What is an “adversary adjudication?” – Handron v. Secretary Department of Health and Human Services

Psychologist.jpgIn 2003, Dr. Handron, a psychologist, received a demand to repay $604,038 from a Medicare contractor because his documentation did not support the services billed. The amount to be repaid was extrapolated from a nurse’s review of 2,500 of Dr. Handron’s claims. Dr. Handron retained counsel and after losing his initial appeal, appealed to an ALJ. The ALJ determined that of the 2,500 claims reviewed by the nurse, Dr. Handron had been overpaid only $5,434.48 and that because the statistical sampling procedure used by the contractor was unreliable, the extrapolation was invalid. Although the ALJ requested that a representative of the contractor or CMS appear as a non-party participant at the hearing, none did so. However, again at the ALJ’s request, CMS did provide the ALJ with documents related to the sampling procedure and extrapolation used by the contractor.

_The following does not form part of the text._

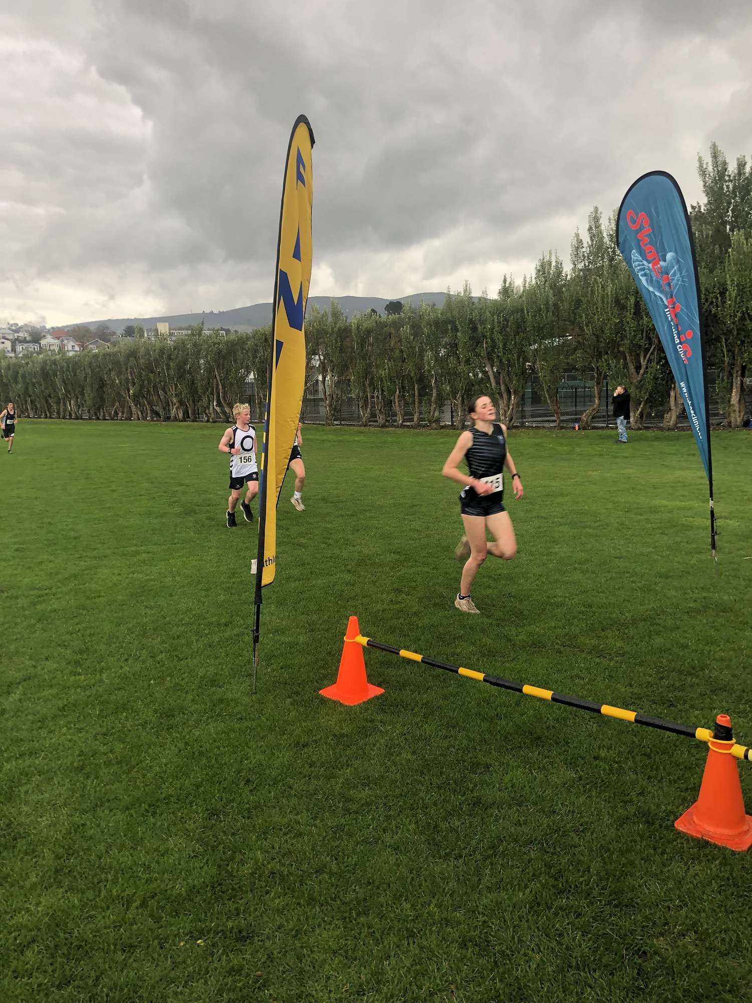 Perfect weather for the first race of the Cross Country season, or so we thought, but this was going to prove to be too good to be true. The race took place at Logan Park with the start time of 1:00pm and just as the Junior's race commenced it clouded over and literally "poured on our parade".
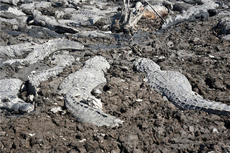 當(dāng)?shù)貢r(shí)間2016年6月24日,巴拉圭General Diaz,巴拉圭與阿根廷邊境遭遇嚴(yán)重干旱,皮科馬約河河水枯竭,凱門鱷在水塘內(nèi)。

After prevailing on the vast majority of the claims in his appeal, Dr. Handron filed an application for fees and expenses under the EAJA. The ALJ, the Medicare Appeals Council and the District Court all denied Dr. Handron’s claim based upon a HHS regulation found at 45 CFR § 13.3 that defines an “adversary adjudication” as one in which CMS is represented by counsel at the ALJ hearing. The Third Circuit disregarded the regulation and held that:

[C]ongress chose language that left open the possibility that the government’s position could be represented in some other manner and by someone other than a lawyer. This indicates Congress’s recognition that the position of the United States can be represented in many ways and its desire to grant judges some discretion in determining whether particular action “represents” the government’s position. It does not suggest that the government’s position can only be represented at a hearing if a government representative physically stands before the decision-maker…
Accordingly, we have little doubt that some forms of written advocacy submitted to an ALJ can constitute a representation of the government’s position, so as to make an agency proceeding an “adversary adjudication” for purposes of the EAJA.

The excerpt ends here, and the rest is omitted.